Readers wondered whether Amy Coney Barrett joining the Supreme Court would end the 4-4 deadlock, with CJ Roberts joining with the liberals, preventing SCOTUS from reversing the Pennsylvania Supreme Court order that ballots without a verifiable postmark could still be counted. I cautioned against optimism:

From a reader: Now that we have 9 justices (thank God) can the 4-4 Robert’s “failure” be reviewed by the SC?

Answer: Yes, they filed on Friday, asking for an expedited ruling on the merits (the prior ruling was on a request for an emergency injunction). I wouldn’t get your hopes up, however, given the timing.

The Court just issued its Order denying expedited consideration, effectively ending the effort since the election is just days away. Once again, Roberts voted with the liberal. Justice Barrett did not participate.

The motion to expedite consideration of the petition for a writ of certiorari is denied. JUSTICE BARRETT took no part in the consideration or decision of this motion.

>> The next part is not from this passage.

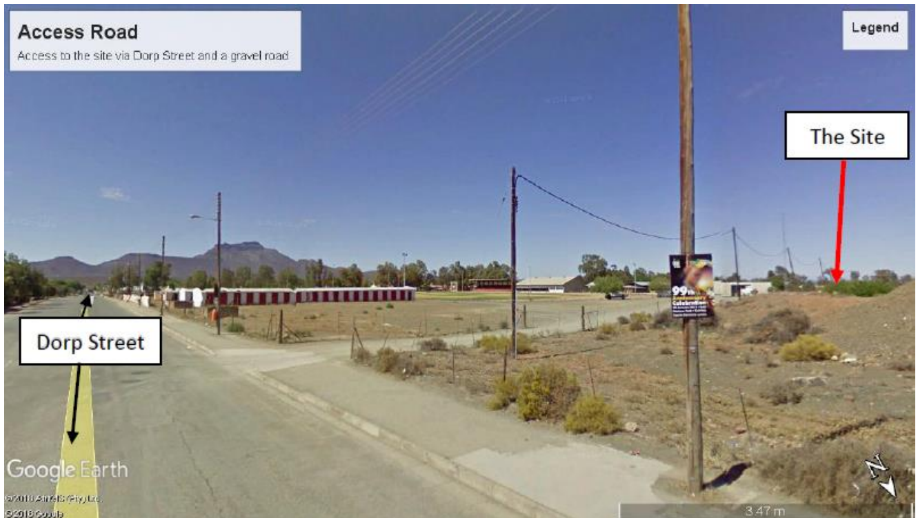
Figure 2: Google Earth street view of the accessed road for the proposed site (red arrow).

Alito, joined by Thomas and Gorsuch, issued a dissent, noting that it is better to have the issue resolved before the election, not after the election. It sets up a post-election challenge already in the Supreme Court to invalidate ballots received after the legislative deadline:

The Court’s handling of the important constitutional issue raised by this matter has needlessly created conditions that could lead to serious post-election problems. The Supreme Court of Pennsylvania has issued a decree that squarely alters an important statutory provision enacted by the Pennsylvania Legislature pursuant to its authority under the Constitution of the United States to make rules governing the conduct of elections for federal office….

In the face of Act 77’s deadline, the Pennsylvania Supreme Court, by a vote of four to three, decreed that mailed ballots need not be received by election day. App. to Pet. for Cert. 80a–81a. Instead, it imposed a different rule: Ballots are to be treated as timely if they are postmarked on or before election day and are received within three days thereafter. Id., at 48a. In addition, the courto rdered that a ballot with no postmark or an illegible postmark must be regarded as timely if it is received by that same date. Id., at 48a, n. 26. The court expressly acknowledged that the statutory provision mandating receipt by election day was unambiguous and that its abrogation of that rule was not based on an interpretation of the statute….

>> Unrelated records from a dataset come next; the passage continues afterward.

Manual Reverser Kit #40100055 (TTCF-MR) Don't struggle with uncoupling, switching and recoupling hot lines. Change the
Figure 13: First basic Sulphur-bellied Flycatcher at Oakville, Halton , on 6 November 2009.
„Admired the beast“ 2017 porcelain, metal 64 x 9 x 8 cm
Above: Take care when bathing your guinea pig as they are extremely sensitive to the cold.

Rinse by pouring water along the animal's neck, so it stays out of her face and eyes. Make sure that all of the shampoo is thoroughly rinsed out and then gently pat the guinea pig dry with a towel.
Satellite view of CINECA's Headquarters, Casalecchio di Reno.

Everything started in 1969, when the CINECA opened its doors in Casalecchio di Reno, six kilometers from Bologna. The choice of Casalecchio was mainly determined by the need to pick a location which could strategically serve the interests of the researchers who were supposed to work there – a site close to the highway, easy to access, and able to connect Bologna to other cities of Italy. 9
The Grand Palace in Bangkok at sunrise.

Although there were four votes to enter a stay, the application failed by an equally divided vote. Now, in a last ditch attempt to prevent the election in Pennsylvania from being conducted under a cloud, we have been asked to grant a petition for a writ of certiorari, to expedite review, and to decide the constitutional question prior to the election.

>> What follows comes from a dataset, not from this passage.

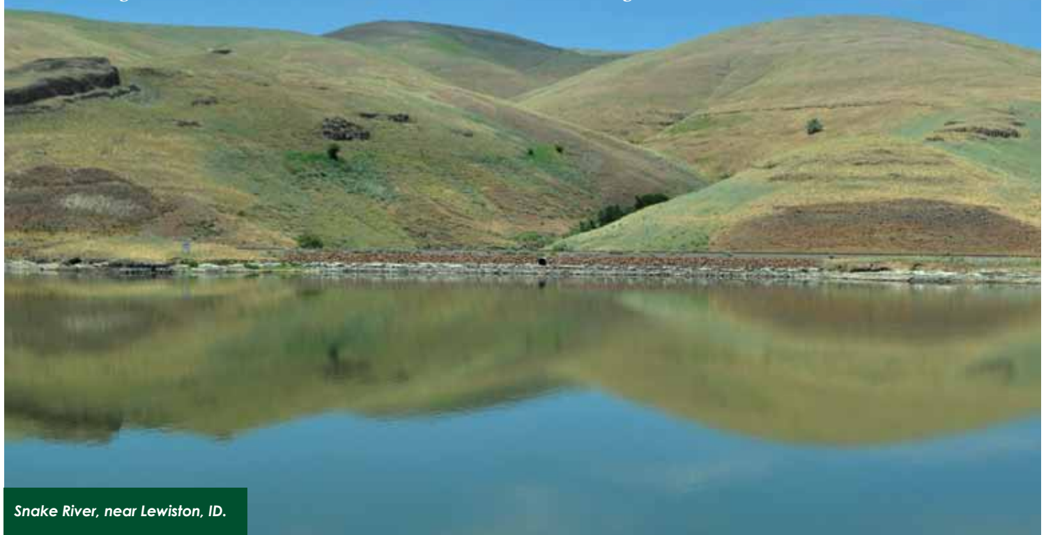
Snake River, near Lewiston, ID.

And the fact that solar resources typically provide generation at times when the utility’s load is peaking makes it a good fit.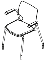
#44819U - SEAT PAD

It would be highly desirable to issue a ruling on the constitutionality of the State Supreme Court’s decision before the election….

Although the Pennsylvania Supreme Court rejected Petitioner’s request for that relief, we have been informed by the Pennsylvania Attorney General that the Secretary of the Commonwealth issued guidance today directing county boards of elections to segregate ballots received between 8:00 p.m. on November 3, 2020, and 5:00 p.m. on November 6, 2020. Nothing in the Court’s order today precludes Petitioner from applying to this Court for relief if, for some reason, it is not satisfied with the Secretary’s guidance…

If Pennsylvania makes the electoral college difference, and if the vote is close and late ballots matter, expect legal mayhem as everyone awaits the Supreme Court decision.

So why didn’t Barrett participate? We don’t know for sure, but it is likely that the Court having ruled once on an emergency basis just days ago, she didn’t want her joining the court to be a tie-breaker on a nearly identical issue. That doesn’t mean she won’t paricipate post-election, or that she will refuse to participate in other election issues.